(Dataset extract)
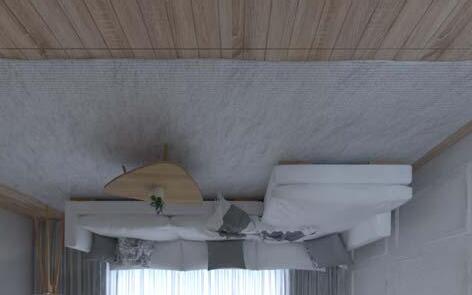 As principais adaptações no pavimento superior são na inversão de portas nos ambientes para facilitar o fluxo, inversão da disposição dos equiapamentos no espaço do banho e do fechamento de aberturas do ambiente e a remoção de um equipamento hidráulico do ambiente do dormitório.
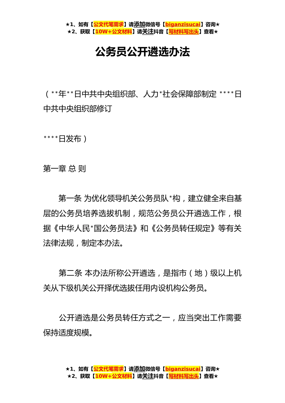 ★1、如有【公文代笔需求】请添加微信号【biganzisucai】咨询★★2、获取【10W+公文材料】请关注抖音【写材料写出头】查看★公务员公开遴选办法(**年**日中共中央组织部、人力*社会保障部制定****日中共中央组织部修订****日发布)第一章总则第一条为优化领导机关公务员队*构,建立健全来自基层的公务员培养选拔机制,规范公务员公开遴选工作,根据《中华人民*国公务员法》和《公务员转任规定》等有关法律法规,制定本办法。第二条本办法所称公开遴选,是指市(地)级以上机关从下级机关公开择优选拔任用内设机构公务员。公开遴选是公务员转任方式之一,应当突出工作需要保持适度规模。★1、如有【公文代笔需求】请添加微信号【biganzisucai】咨询★★2、获取【10W+公文材料】请关注抖音【写材料写出头】查看★★...
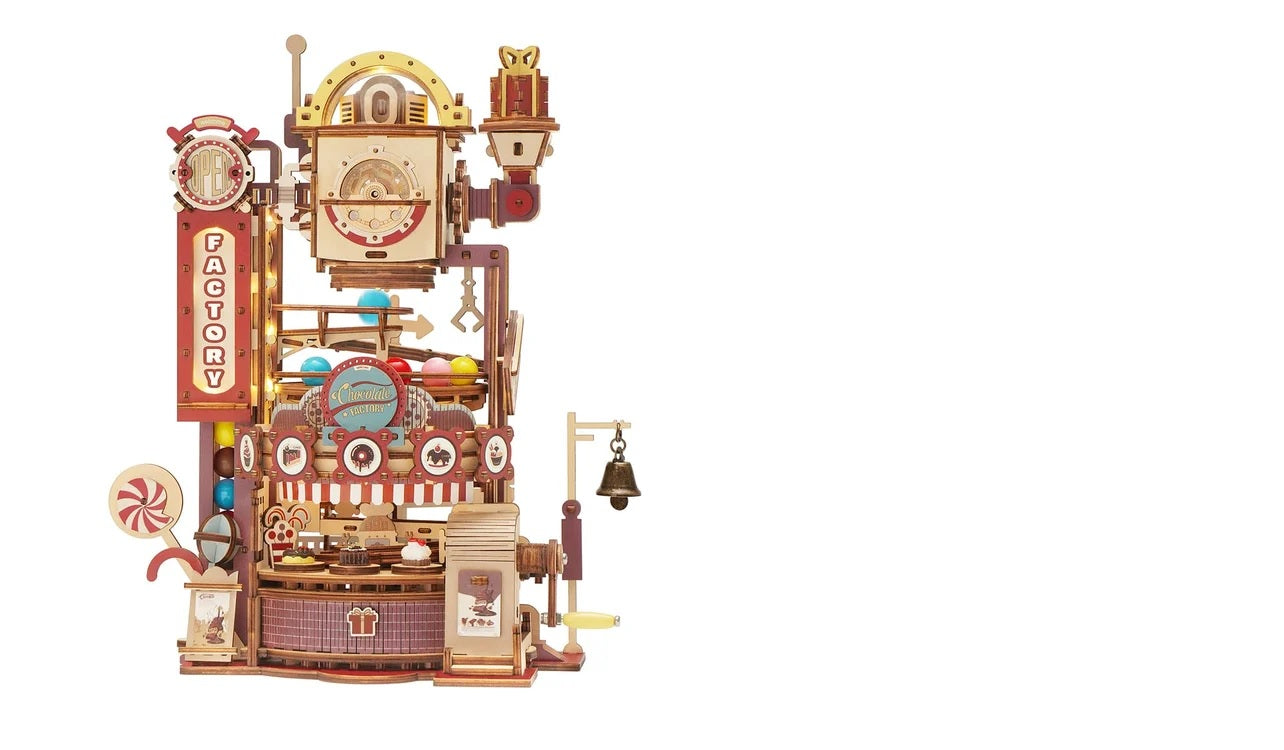 Chocolate Factory Rokr marble Run kit the golden Robotime ticket to indulge in as many chocolate candy coloured marble sweet treats as you want. A ROKR Chocolate Factory marble run 3D wooden puzzle kit will provide you with everything you need to build a cool steampunk-style factory with style.
(End Dataset extract)
Your goal: Without changing a word, transcribe all of the data and omit its images.

Answer:
 As principais adaptações no pavimento superior são na inversão de portas nos ambientes para facilitar o fluxo, inversão da disposição dos equiapamentos no espaço do banho e do fechamento de aberturas do ambiente e a remoção de um equipamento hidráulico do ambiente do dormitório.
 ★1、如有【公文代笔需求】请添加微信号【biganzisucai】咨询★★2、获取【10W+公文材料】请关注抖音【写材料写出头】查看★公务员公开遴选办法(**年**日中共中央组织部、人力*社会保障部制定****日中共中央组织部修订****日发布)第一章总则第一条为优化领导机关公务员队*构,建立健全来自基层的公务员培养选拔机制,规范公务员公开遴选工作,根据《中华人民*国公务员法》和《公务员转任规定》等有关法律法规,制定本办法。第二条本办法所称公开遴选,是指市(地)级以上机关从下级机关公开择优选拔任用内设机构公务员。公开遴选是公务员转任方式之一,应当突出工作需要保持适度规模。★1、如有【公文代笔需求】请添加微信号【biganzisucai】咨询★★2、获取【10W+公文材料】请关注抖音【写材料写出头】查看★★...
 Chocolate Factory Rokr marble Run kit the golden Robotime ticket to indulge in as many chocolate candy coloured marble sweet treats as you want. A ROKR Chocolate Factory marble run 3D wooden puzzle kit will provide you with everything you need to build a cool steampunk-style factory with style.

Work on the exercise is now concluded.